Studio album by Riley Green
- Released: September 18, 2026
- Genre: Country
- Length: 68:57
- Label: Nashville Harbor
- Producer: Dann Huff

Riley Green chronology
| Midtown Sessions (2025) | That's Just Me (2026) |  |

Singles from That's Just Me
- "Think as You Drunk" Released: June 1, 2026;

= That's Just Me =

That's Just Me is the fourth studio album by American country music artist Riley Green. It was released on September 18, 2026, via Nashville Harbor Records & Entertainment.
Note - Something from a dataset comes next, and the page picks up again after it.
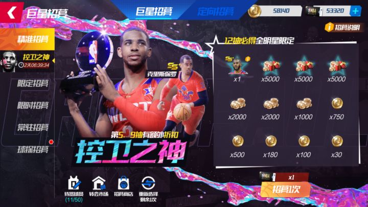 “诺天王”——全明星德克·诺维茨基“控卫之神”——全明星克里斯·保罗共同返场为你的球队补充中坚力量!任选精准招募活动时间7月22日00:00-7月29日00:00活动详情活动期间,可在控卫之神(全明星克里斯·保罗)、德国战车(全明星德克·诺维茨基)中任选卡池进行招募!选择了卡池后,在限定次数内,可以随时手动重选切换卡池(最多可重新切换1次),重选卡池后,当前卡池已招募进度将刷新,
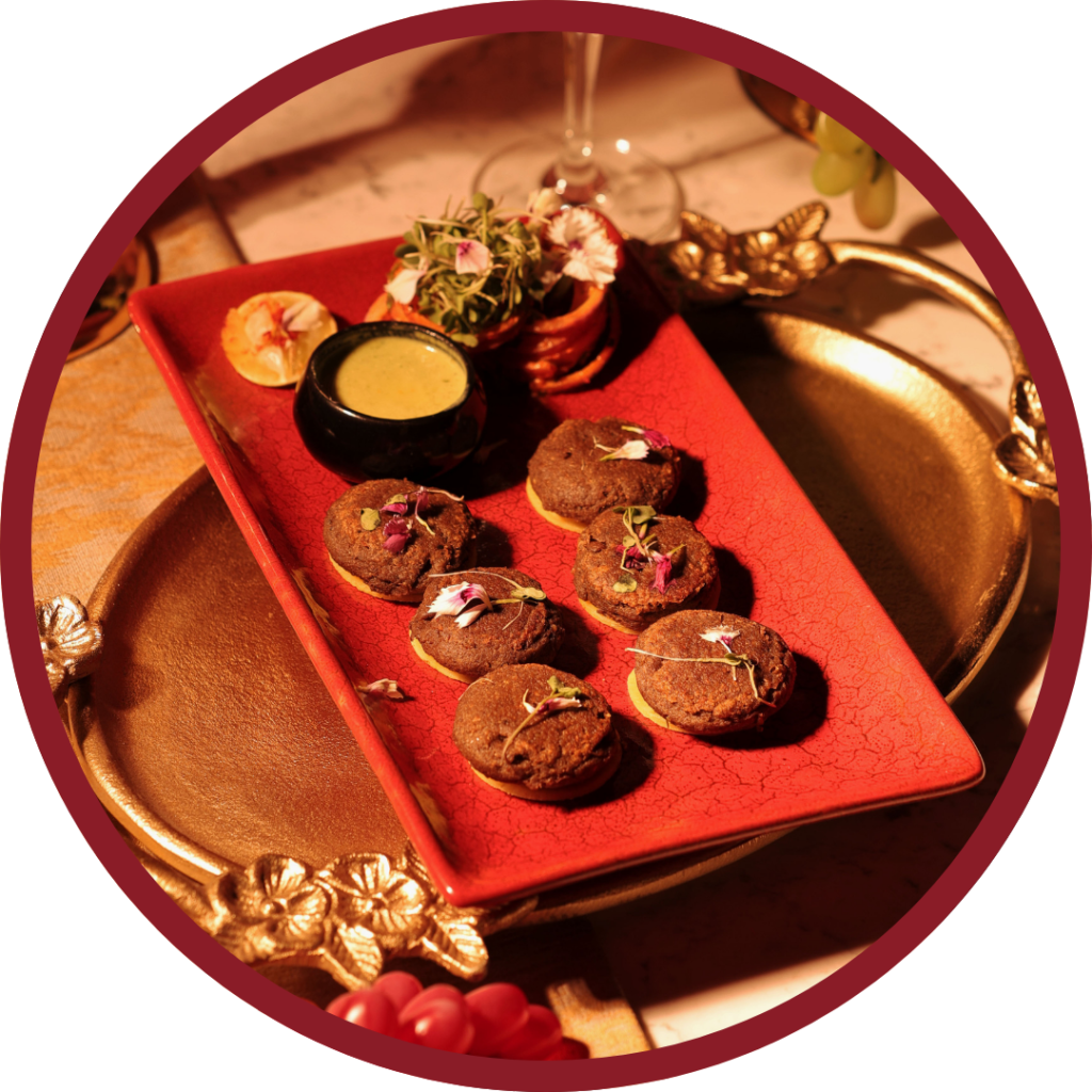 Melt-in-the-mouth kebabs crafted from finely minced spiced mutton, slow-cooked to perfection — a Nawabi delicacy known for its rich aroma, silky texture, and royal legacy.

The album is produced by Dann Huff.

==Background==
"My Way" was released as a promotional single on April 17, 2026.

Green announced That's Just Me on May 28, 2026, the same day he released the album's lead single, "Think as You Drunk".

Green then released "Go Again" featuring Hannah MacFarland on July 3, 2026 as the album's second promotional single.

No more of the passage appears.